Jake Gyllenhaal is opening up about what it was like to work with his brother-in-law, Peter Sarsgaard, on 'Presumed Innocent.'
Jake Gyllenhaal is spilling the tea on stepping into the world of television and doing it alongside his brother-in-law, Peter Sarsgaard.
Talking with ET from the world premiere of his new Apple TV+ series, Presumed Innocent, on Sunday, the 43-year-old Road House actor said that as an executive producer on the show, he and his fellow EPs -- including J.J. Abrams and David E. Kelley -- had hoped to get Sarsgaard on board early on. The 53-year-old Memory star has been married to Gyllenhaal's sister, actress and director Maggie Gyllenhaal, since 2009.
"I think it was a real wish that we'd get him when we all spoke about actors that could play that role," Gyllenhaal told ET, joking that Sarsgaard -- to the producing team -- was a "long shot," even though he obviously had "an in" with the actor.
In the show, Sarsgaard and Gyllenhaal are anything but brotherly, though. The series -- an adaptation of Scott Turow's bestselling 1986 novel -- sees Gyllenhaal as Rusty Sabich, a deputy prosecutor accused of murdering a colleague. His brother-in-law plays Tommy Molto, a fellow deputy prosecutor who goes head-to-head with Sabich at trial.
For the family members by marriage, the show offered a unique opportunity to bond in a way that not many brothers-in-law can say they have: acting as full-blown rivals in a courtroom drama.
"Working every day on these scenes, though they are antagonistic, it was so fun for the two of us," Gyllenhaal shared. "There's that thing with actors that we love those scenes, you know? You always love that you act those things out and it's full of drama."
The Brokeback Mountain Oscar nominee continued, "But also, you get to bring a kind of catharsis to your own relationship. You know, there is a way of us bringing the history of us and then also at the same time just the deep respect we have for each other."
ET also spoke with Sarsgaard from the carpet of the Tribeca Festival and he shared similar praise for his brother-in-law.

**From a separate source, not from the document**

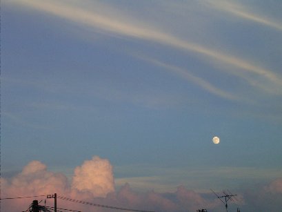 猛暑日が続いていますね朝のうちの29℃が涼しく感じました頭のフワフワ症状も治まり涼しいうちに諸事を片付けようと朝から慌しく動いていましたやっぱり貧乏性ですね~午後から お気に入りアーティストの新しいCDを聴いていましたフィーリングの合う音楽って癒されますね今更ですが・・・ しみじみ感じます暑さのせいかご飯モノがあまり喉を通らなくなりました 夕飯のメニュー ・ 炊き合わせ ( ミニがんも ミニ厚揚げ しいたけ ふき ) ・ サケのムニエル ( レタス トマト ゆでたまご ) ・ しめじのピリ辛炒め ( しめじ しらたき 切りあげ 白ごま ) ・ みそ汁 ( わかめ じゃがいも ) ・ ごはん ・ メロンココ ( メロン ナタデココ )≪ おまけ ≫夕方の月と雲

"Jake is always very intentional about what he does. He does things for -- with integrity. He's way more ambitious than I am in that respect," The Orphan actor said. "It's really nice to be around someone who really will not stop until it's what he wants it to be."
Outside of their relationship being a highlight of the project, the actor told ET that he cannot wait for audiences to finally have this show in their hands.
"David Kelley and J.J. Abrams approached me with a pilot and the pilot was -- [it] made me want to know what happened next and then some," he said. "Subsequently, the second one too and then so on and so forth."
The original story is so compelling and popular that Turow wrote a sequel to the novel, Innocent, which released in 2010 -- more than two decades after the original book came out. The book was also adapted into a film starring Harrison Ford in 1990.
Gyllenhaal shared that it was the never-ending litany of questions and twists and turns that first pulled him in and made him want to not only produce the limited series, but star in it as well. It's his first major foray into television as a longtime film actor.
"I thought there were so many questions set up in the first episode that I was fascinated by kind of the sort of moral high wire and also kind of tsunami that this character was thrown in," the actor said, adding that the craziness only heightens throughout the show.
Watch the trailer for the new Apple TV+ series in the player below. Presumed Innocent premieres on Apple TV+ on June 12.
ET also got the scoop on the freshly-announced sequel to Prime Video's Road House. The remake of Patrick Swayze's 1989 film premiered at the SXSW Festival in Austin, Texas, in March, and Gyllenhaal got a standing ovation for his performance.
"I'm really excited, I mean, it's the first sequel that I've ever really been a part of like that and to create the world and to expand the world is pretty thrilling," he shared of Road House 2.